Best options: Nebius, CoreWeave, Crusoe

These providers offer:

  • InfiniBand on all GPU nodes (not just clusters)
  • Managed Kubernetes with GPU-optimized features
  • High-performance shared storage
  • Free egress
  • Terraform providers for infrastructure-as-code

CoreWeave has the largest scale and was first to market with Blackwell (GB200). Nebius offers the most complete managed service stack (K8s, Slurm, PostgreSQL, MLflow). Crusoe is the only option if you need AMD GPUs with enterprise features.

For Cost-Optimized Experimentation

Best options: Vast.ai, SF Compute, DataCrunch/Verda

These providers offer:

  • Lowest per-GPU pricing (Vast.ai $0.90-1.87/hr, SF Compute $1.43-1.77/hr, DataCrunch $1.99/hr)
  • Per-second billing (Vast.ai, DataCrunch)
  • Quick deployment
  • Community/spot options for non-production workloads

Trade-offs: Vast.ai and SF Compute are marketplace aggregators with variable infrastructure quality. Less documentation and fewer managed services than enterprise-focused providers.

For European Data Sovereignty

Best options: Nebius, DataCrunch/Verda, Nscale, OVHcloud

All operate exclusively or primarily in EU data centers with:

  • GDPR compliance
  • SOC 2 Type II + HIPAA (Nebius), ISO 27001 (DataCrunch)
  • 100% renewable energy (DataCrunch, Nscale)
  • EU-based data centers (Nebius in Finland, DataCrunch in Finland/Iceland, Nscale in Norway, OVHcloud in France)

For AMD GPUs

Best options: TensorWave, Crusoe

TensorWave is AMD-focused with MI300X at $1.50/hr (the cheapest option). Crusoe offers MI300X with enterprise features (SOC 2, managed K8s) at $3.45/hr.

What’s Missing from Public Documentation

Across all providers, several categories consistently require sales contact:

  • Reserved/committed pricing: All providers advertise discounts (30-60%) but don’t publish specific tiers
  • Detailed SLAs: Most mention “99.9% uptime” without specifics on what’s covered
  • Network topology: Rail configurations, oversubscription ratios, switch specifications
  • Maximum cluster sizes: How many GPUs can you provision in a single cluster?
  • Compliance details: Which specific certifications and what’s the audit scope?

Conclusion

The GPU neocloud market has matured significantly. Free egress is now standard, 400Gb/s InfiniBand is table stakes for serious providers, and pricing has compressed to $2-4/hr for H100s (vs $6-12/hr on hyperscalers).

For production AI training, Nebius, CoreWeave, and Crusoe offer the most complete platforms. For cost-sensitive experimentation, Vast.ai, SF Compute, and DataCrunch provide the lowest prices. For European data sovereignty, Nebius and DataCrunch combine EU data centers with enterprise compliance (SOC 2/ISO 27001) and competitive pricing.

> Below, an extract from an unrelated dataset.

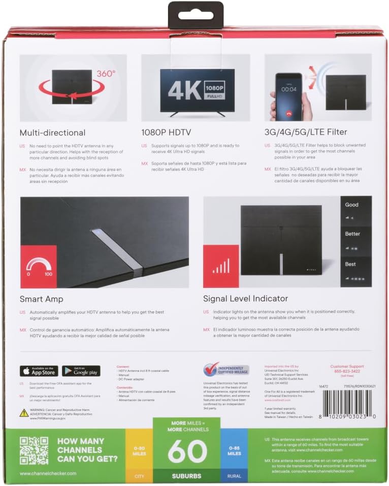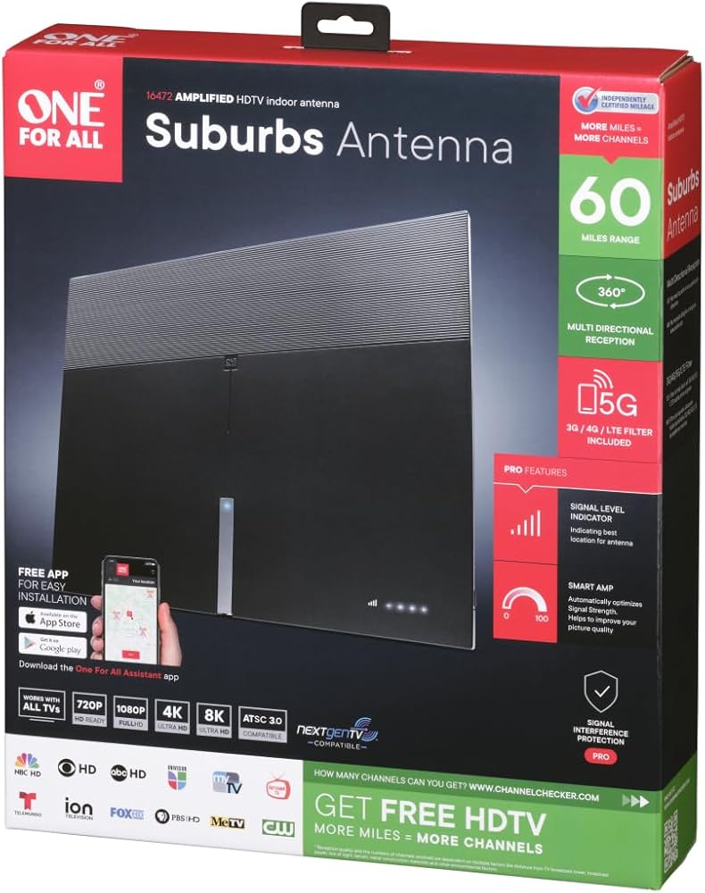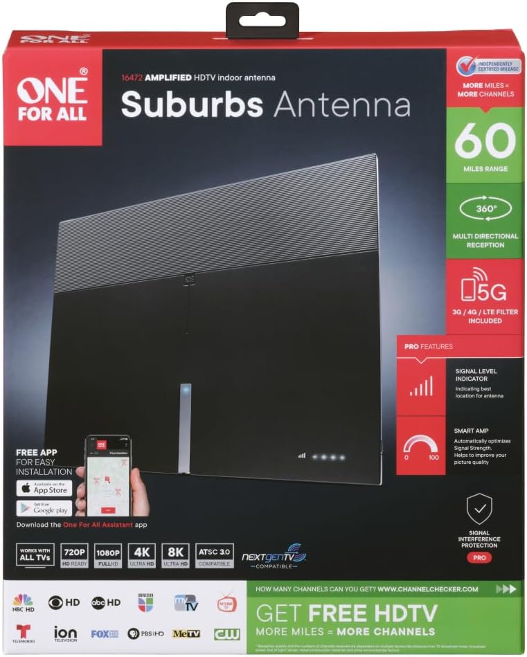 📡 استقبال عالي الأداء: استمتع بإشارات تلفزيونية مذهلة وواضحة مع هوائي One for All 16472 HDTV، الذي يتمتع بنطاق استقبال رائع يبلغ 60 ميلًا ويساعدك على الحصول على أفضل قوة إشارة لقنواتك المفضلة.

The main remaining gap is documentation transparency. Most providers require sales conversations for pricing on reserved capacity, large clusters, and enterprise features. As the market matures, expect more self-service options and published pricing for these categories.


Last updated: December 2025. Pricing and features change frequently. Verify current offerings on provider websites before making decisions.